Babin also fails to disclose the amended claim's drop plate limitations. Claim 1, as amended, requires "a nozzle-specific drop plate directly fastened to the manifold plate by one or more fasteners". Claim 1 does not merely recite a plate near the nozzle or a housing for a piston. Instead, what is claimed is a nozzle-specific drop plate whose direct fastening relationship is to the manifold plate.
Applicant further argues that none of the other applied references make up for the deficiency of Babin / Babin as modified.
This is not found to be persuasive because…
Babin's architecture is centered on a nozzle-side sub-assembly attached to the cavity plate, not on a manifold-side drop plate directly fastened to a manifold plate and generating nozzle sealing load by such attachment. As detailed below, Babin provides for the same assembly and architecture. Accordingly, any derived benefits from the structure including providing for a nozzle sealing load by such attachment. Highlighting, implementing the drop plate being configured, by attachment of the drop plate to the manifold plate, to generate adapted to provide a nozzle sealing load on the nozzle assembly is understood be a functional limitations / an intended use of the apparatusConsequently, the case law for substantially identical process and structure may be recited. Where, it has been held that where the claimed and prior art products are identical or substantially identical in structure or are produced by identical or a substantially identical processes, a prima facie case of either anticipation or obviousness will be considered to have been established over functional limitations that stem from the claimed structure. In re Best, 195 USPQ 430, 433 (CCPA 1977), In re Spada, 15 USPQ2d 1655, 1658 (Fed. Cir. 1990). The prima facie case can be rebutted by evidence showing that the prior art products do not necessarily possess the characteristics of the claimed products. In re Best, 195 USPQ 430, 433 (CCPA 1977), MPEP 2144. Additionally, the case law for intended use of an apparatus may be recited. Where, it is well settled that the intended use of a claimed apparatus is not germane to the issue of the patentability of the claimed structure. If the prior art structure is capable of performing the claimed use then it meets the claim. In re Casey, 152 USPQ 235, 238 (CCPA 1967); In re Otto, 136 USPQ 459 (CCPA 1963). The manner or method in which a machine is to be utilized is not germane to the issue of patentability of the machine itself, In re Casey 152 USPQ 235. It should be noted applicant’s arguments rely and remark on various parts including but not limited to a nozzle-side sub-assembly, manifold-side plate and manifold-side drop plate. While applicant claims do recite a manifold plate and nozzle assembly and drop plate the terms nozzle-side, sub-assembly and manifold-side are not found in applicant’s claims.

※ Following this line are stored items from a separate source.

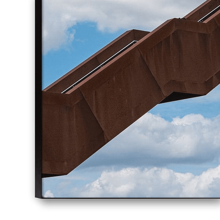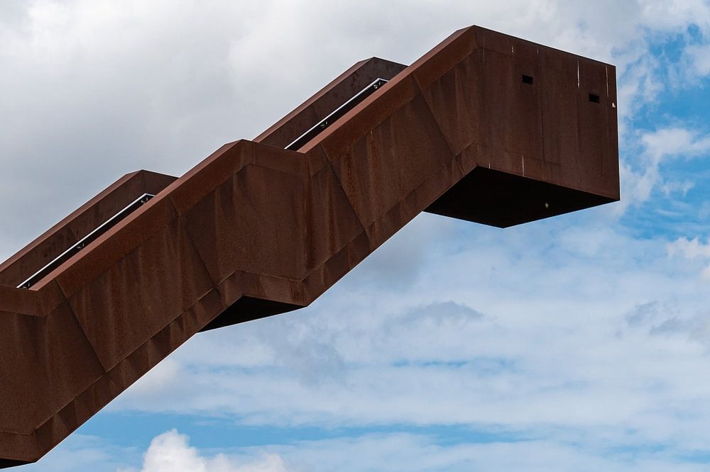 Deze metalen trap is een uitkijkpunt over de natuurlandschappen rond Leuven (België).
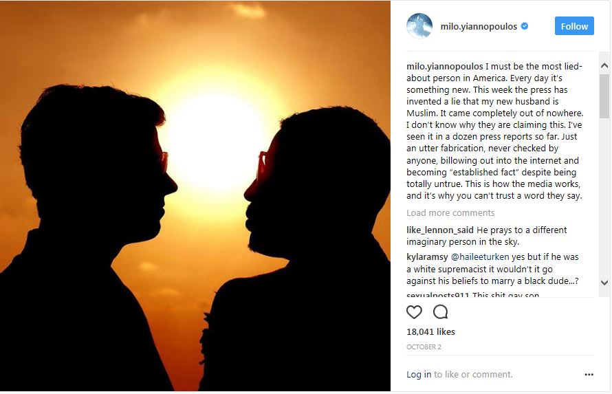 Wrong. That's an old article, and the man Milo refers to in it is his ex, with whom he was in a long-term relationship, since ended. Again, the media doesn't even bother to clarify, let alone verify. Milo's husband is not Muslim:pic.twitter.com/AKMyXGKB0S
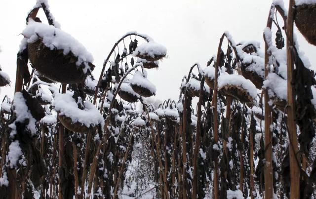 Уборка подсолнечника зимой
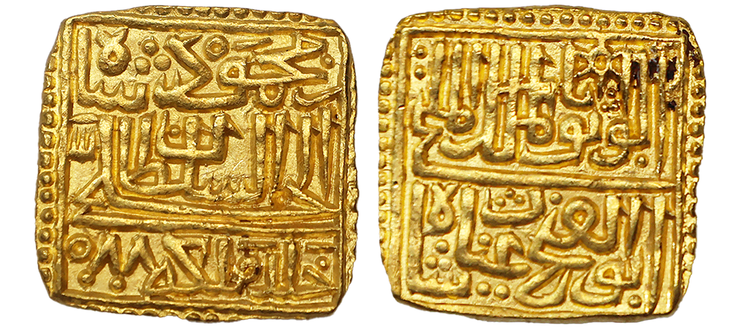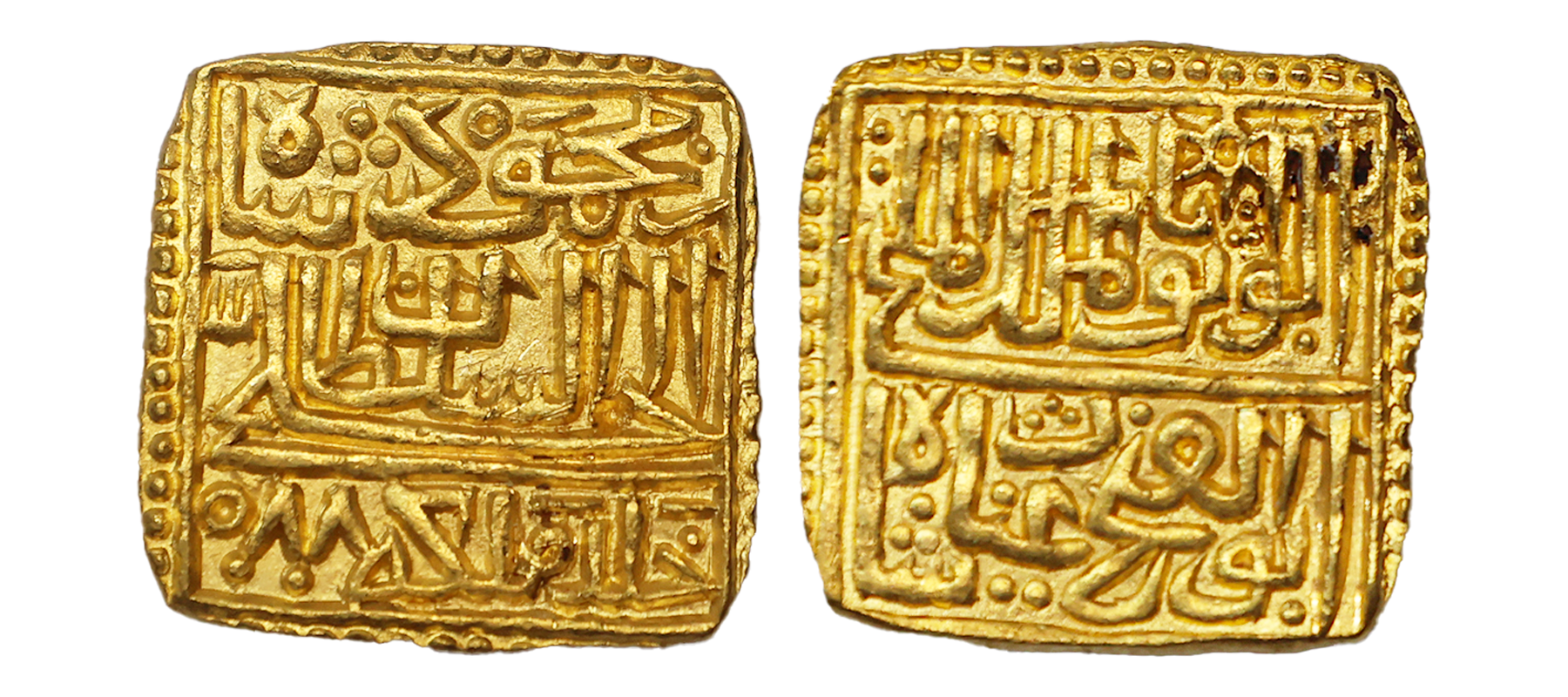 Malwa Sultanate, Ghiyath Shah (AH 873-906, AD 1469-1500), Gold Tanka, Big Flan with Dotted border on both sides, 11.50 gms, AH 880, Al wathiq Type, Obv. Al wathiq bi’I malik al-multaji abu’l fath ghiyath shah, Rev. bin Mahmud Shah al-Khilji al-sultan khald Allah Mulkahu, G&G #M66, Dotted border around on both side, Uncirculated, very rare.
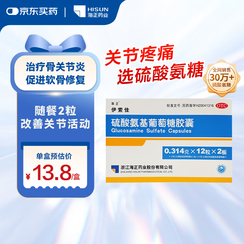 伊索佳硫酸氨基葡萄糖胶囊 0.314g*12粒*2板 氨糖原发性及继发性骨关节炎 氨糖 氨糖软骨素
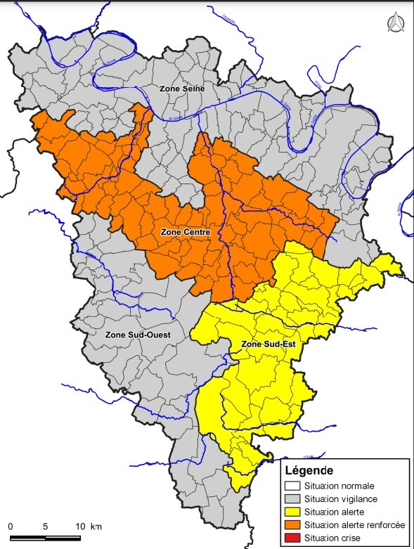 Sans surprise, la zone Centre des Yvelines, la plus touchée par le stress hydrique des nappes phréatiques, est maintenue en situation d’alerte renforcée. Les autres parties du département restent sous surveillance.
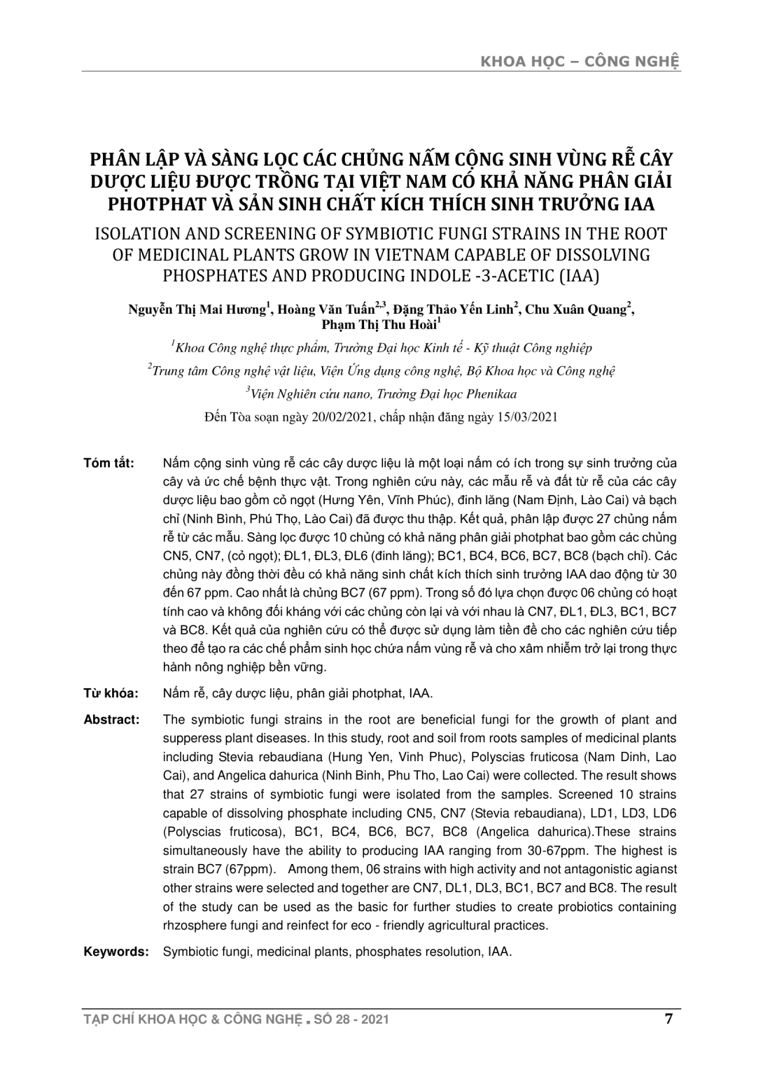 Nấm cộng sinh vùng rễ các cây dược liệu là một loại nấm có ích trong sự sinh trưởng của cây và ức chế bệnh thực vật. Trong nghiên cứu này, các mẫu rễ và đất từ rễ của các cây dược liệu bao gồm cỏ ngọt (Hưng Yên, Vĩnh Phúc), đinh lăng (Nam Định, Lào Cai) và bạch chỉ (Ninh Bình, Phú Thọ, Lào Cai) đã được thu thập. Kết quả, phân lập được 27 chủng nấm rễ từ các mẫu. Sàng lọc được 10 chủng có khả năng phân giải photphat bao gồm các chủng CN5, CN7, (cỏ ngọt); ĐL1, ĐL3, ĐL6 (đinh lăng); BC1, BC4, BC6, BC7, BC8 (bạch chỉ). Các chủng này đồng thời đều có khả năng sinh chất kích thích sinh trưởng IAA dao động từ 30 đến 67 ppm. Cao nhất là chủng BC7 (67 ppm). Trong số đó lựa chọn được 06 chủng có hoạt tính cao và không đối kháng với các chủng còn lại và với nhau là CN7, ĐL1, ĐL3, BC1, BC7 và BC8. Kết quả của nghiên cứu có thể được sử dụng làm tiền đề cho các nghiên cứu tiếp theo để tạo ra các chế phẩm sinh học chứa nấm vùng rễ và cho xâm nhiễm trở lại trong thực hành nông nghiệp bền vững.

As detailed below, Babin teaches both a nozzle assembly and manifold plate. With both the nozzle housing 102 and cavity plate 18 acts as applicant’s manifold plate and the outer sleeve 142 along with mold gate 900 and valve pin 126 being understood to act as applicant’s nozzle assembly. Highlighting, that Babin notes that the nozzle housing 102 and cavity plate 18 are connected to each other along with actuator housing 104 via bolts 120. Accordingly, Babin is understood to provide for both a separate nozzle assembly and manifold plate.
& d.) As noted in the previous action and below, Babin teaches on ([0046]) that bolts 120 removably fasten nozzle housing 102 and actuator housing 104 to cavity plate 18. As such, the nozzle housing 102 with a flange / shelf is understood to be fastened / connected to cavity plate 18 as a single entity during operation. Adding, that Babin describes cavity plate 18 and nozzle housing 102 being jointly connected by bolts 120 and constituting a single element during operation manifold plate. Namely, they are configured to function in combination as a single, unitary manifold during operations.
As detailed below, Babin teaches on ([0046]) that bolts 120 removably fasten nozzle housing 102 and actuator housing 104 to cavity plate 18. As such, the nozzle housing 102 / nozzle drop plate is understood to be fastened / connected to both the nozzle housing 102 and cavity plate 18 by one or more bolts 120 / fasteners. In summary, Babin teaches the newly amended features requiring that the a nozzle-specific drop plate / actuator housing 104 is directly fastened to the manifold plate nozzle housing 102 and cavity plate 18 by one or more bolts 120 / fastener such hat the nozzle housing 102 / drop plate is in direct fastening relationship is to the nozzle housing 102 and cavity plate 18 / manifold plate via bolts 120.
This is unpersuasive because as explained above there was not found to be deficiency in Babin / Babin as modified.
Claim Rejections - 35 USC § 103
In the event the determination of the status of the application as subject to AIA 35 U.S.C. 102 and 103 (or as subject to pre-AIA 35 U.S.C. 102 and 103) is incorrect, any correction of the statutory basis (i.e., changing from AIA to pre-AIA ) for the rejection will not be considered a new ground of rejection if the prior art relied upon, and the rationale supporting the rejection, would be the same under either status.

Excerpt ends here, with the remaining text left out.